Commented bymrW1 last updated on 08/Jun/17

Each side of triangle ΔILG is equally divided into n parts. n≥3. Let a=((LG)/n)=length of each part of LG Let us say the area of triangle ΔILG is S=1. According to the rule above we have A_(ΔACG) =((n−1)/n)×(1/n)×S=((n−1)/n^2 ) =A_(ΔCHI) =A_(ΔNAL) =A_(ΔBML) =A_(ΔMHI) =A_(ΔHBG) ⇒A_(ΔMHB) =A_(ΔAHG) =S−3×A_(ΔACG) =1−3×((n−1)/n^2 )=((n^2 −3n+3)/n^2 ) To get the area of the hexagon we now only need to get the area of the ♮redε as well as the ♮blackε small triangles.

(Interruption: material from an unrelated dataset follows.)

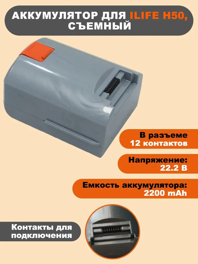 Съемный аккумулятор для пылесоса ILIFE H50 (для других моделей не подойдет). Напряжение: 22.2 В. Емкость аккумулятора: 2200 mAh.

Commented bymrW1 last updated on 08/Jun/17

Using the rule above we have A_(ΔACB) =((n−2)/n)×(1/n)×S=((n−2)/n^2 ) To get the area of A_(ΔDEB) we need to know how the line segment AC is divided by points D and E.

Commented bymrW1 last updated on 08/Jun/17

Commented bymrW1 last updated on 08/Jun/17

We introduce some auxiliary lines: CK parallel to IF CJ parallel to HB ΔCJG is similar to ΔHBG ⇒((JG)/(BG))=((CG)/(HG)) ⇒JG=((CG)/(HG))×BG=(1/(n−1))×BG=(a/(n−1)) ΔKCG is similar to ΔFIG ⇒((KG)/(FG))=((CG)/(IG)) ⇒KG=((CG)/(IG))×FG=(1/n)×((LG)/2)=(1/n)×((na)/2)=(a/2) ΔADF is similar to ΔACK ⇒((AD)/(AF))=((AC)/(AK)) ⇒AD=((AF)/(AK))×AC=((LF−LA)/(AG−KG))×AC =((((na)/2)−a)/(na−a−(a/2)))×AC=((n−2)/(2n−3))×AC ΔAEB is similar to ΔACJ ⇒((AE)/(AC))=((AB)/(AJ)) ⇒AE=((AB)/(AJ))×AC=((AB)/(AG−JG))×AC =((na−2a)/(na−a−(a/(n−1))))×AC=((n−1)/n)×AC DE=AE−AD=((n−1)/n)×AC−((n−2)/(2n−3))×AC =(((n−1)/n)−((n−2)/(2n−3)))×AC =(((n−1)(2n−3)−n(n−2))/(n(2n−3)))×AC =((n^2 −3n+3)/(n(2n−3)))×AC Using our rule abov we get A_(ΔDEB) =((DE)/(AC))×A_(ΔACB) =((n^2 −3n+3)/(n(2n−3)))×((n−2)/n^2 )=(((n^2 −3n+3)(n−2))/(n^3 (2n−3))) Area of hexagon: A_H =A_(ΔMHB) −3×A_(ΔDEB) A_H =((n^2 −3n+3)/n^2 )−3×(((n^2 −3n+3)(n−2))/(n^3 (2n−3))) =((n^2 −3n+3)/n^2 )[1−((3(n−2))/(n(2n−3)))] =((n^2 −3n+3)/n^2 )[((n(2n−3)−3(n−2))/(n(2n−3)))] =((n^2 −3n+3)/n^2 )[((2n^2 −6n+6)/(n(2n−3)))] =((2(n^2 −3n+3)^2 )/(n^3 (2n−3)))

Commented byb.e.h.i.8.3.4.1.7@gmail.com last updated on 08/Jun/17

Great job done mrW1.fantastic. I love this proof very much.

Commented byb.e.h.i.8.3.4.1.7@gmail.com last updated on 08/Jun/17

after this ,i am waiting for mr Ajfour′s proof too.